I may just not know the terminology needed to find the proper google results but I am trying to count the number of feature classes and store that for reference later in the script so that if the number of feature classes change then the workflow checks the projection of the newly added feature class.

This is my script with the len function:

# Import arcpy and numpy
import os
import arcpy
import numpy

arcpy.env.workspace = r"C:\Users\Distances.gdb"
outWorkspace = r"C:\Users\Distances.gdb"

try:

    # Use ListFeatureClasses to generate a list of inputs
    for fc in arcpy.ListFeatureClasses():
        fcCount = len(fc)
        # Determine if the input has a defined coordinate system, can't project it if it does not
        dsc = arcpy.Describe(fc)

        if dsc.spatialReference.Name != 'NAD_1983_StatePlane_California_III_FIPS_0403_Feet':
            # Determine the new output feature class path and name
            outfc = os.path.join(outWorkspace, fc + "_NAD1983")

            # Set output coordinate system
            outCS = arcpy.SpatialReference('NAD 1983 StatePlane California III FIPS 0403 (US Feet)')

            # run project tool
            arcpy.Project_management(fc, outfc, outCS)

            # check messages
            print(arcpy.GetMessages())
        else:

            print(fc)

except arcpy.ExecuteError:
    print(arcpy.GetMessages(2))

except Exception as ex:
    print(ex.args[0])

Storing and checking for feature class names may be a more fine grained detail worth considering but un-found in my google searching.

  • 2
    Given that lists, sets, and dictionaries are so fundamental to what makes Python pythonic, it's curious that your searching on lookups using Python didn't turn up the in operator.
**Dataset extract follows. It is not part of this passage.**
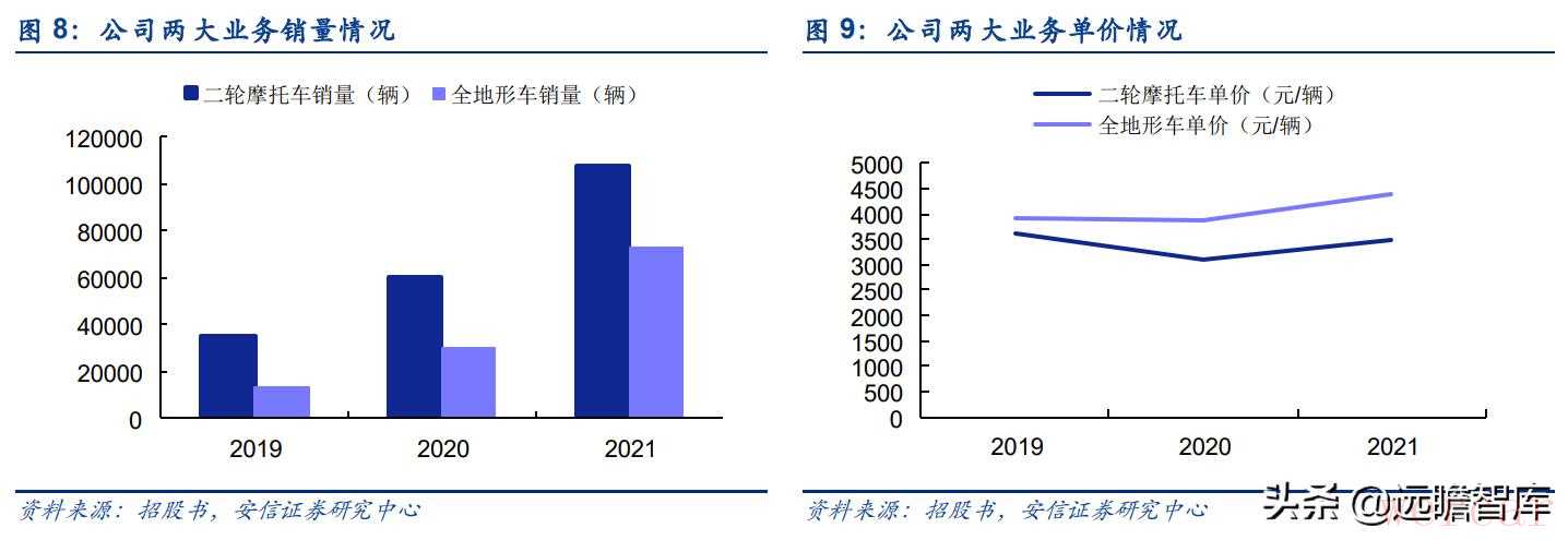 销售网点增加、品类拓展、品牌影响力提升推动业务持续壮大,2021年两大业务量价齐升。 相较于两轮越野摩托车,全地形车产品的单车价格更高,为公司营业收入提供了新的增长点。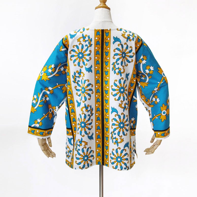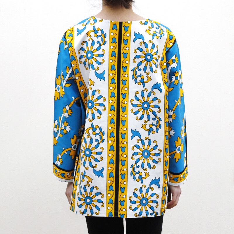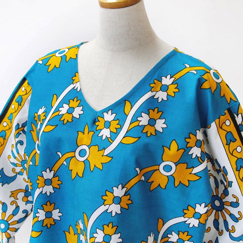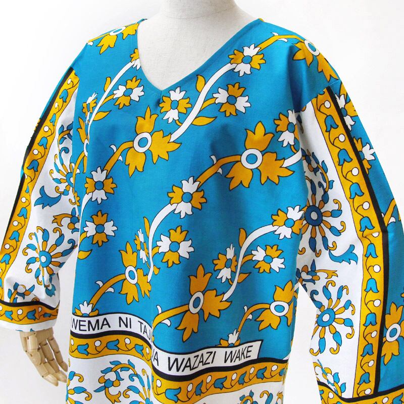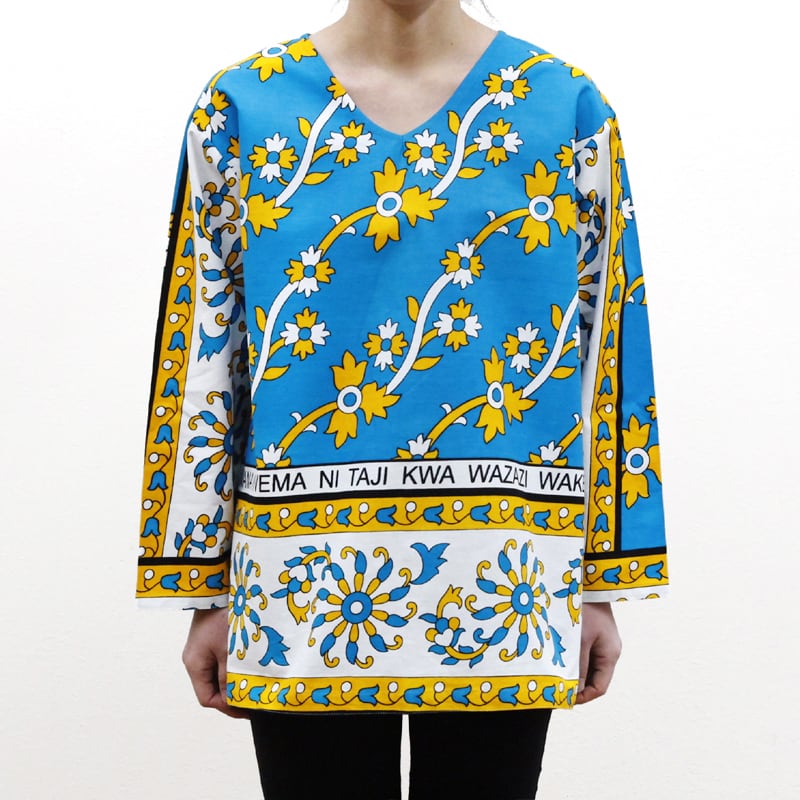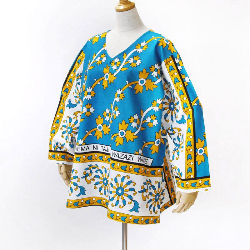 カンガのVネックブラウス( ボタニカル柄 )アフリカ布 服 カンガ服

Lists could be used in two passes to find removed and added objects, sets could be used to find differences, and dictionaries could be used to detect row count change (or any other property). – Vince Feb 14 at 1:02
2

It is unclear what you want to use the Counts for. But try creating the list first, count, then iterate:

fclist = arcpy.ListFeatureClasses() 

l = len(fclist)
for fc in fclist:
   ...

When you do len(fc) you count each list element, not all of them

Or if you want to count each iteration, for example to use when naming outputs you can do:

fclist = arcpy.ListFeatureClasses()
count = 0
for fc in fclist: 
    count+=1
    ...
  • *Sorry I don't know how to add the code breakout in this 'comment' field. Let me see if I can wrap my brain around this. If I have 3 feature classes in a .gdb named {cat,dog,pig}, would this save cat, dog, and pig as {0,1,2}? What I would like to do is be able to check my .gdb and see if the file later on becomes {cat,dog,pig,fish} and check to see if 'fish' is the right projection. Would this then be something like: fcCheck="" for fc in fclist count+1 if fcCheck != 3 Check for projection – Therow Feb 13 at 21:09
  • I dont know exactly what you are trying to do. Im just saying that the second example could be used if you want to name the outputs by Count, for example cat_1, dog_2, pig_3 etc. – BERA Feb 14 at 6:55
  • What I would like to do is run the python script and determine if everything in the .gdb is projected -- then store the 'names' or the 'count of features' for the next time the script is run so that if something changes the script uses the projection section again to make sure all projections are the same. So, for instance, I add a new feature class to the .gdb and I run this script it would detect a change and then see if the new feature class needs projecting. – Therow Feb 14 at 17:07
0

You can use len() and Fiona's listlayers to do this. For example:

import fiona

count = len(fiona.listlayers('/path/to/your/geodatabase.gdb'))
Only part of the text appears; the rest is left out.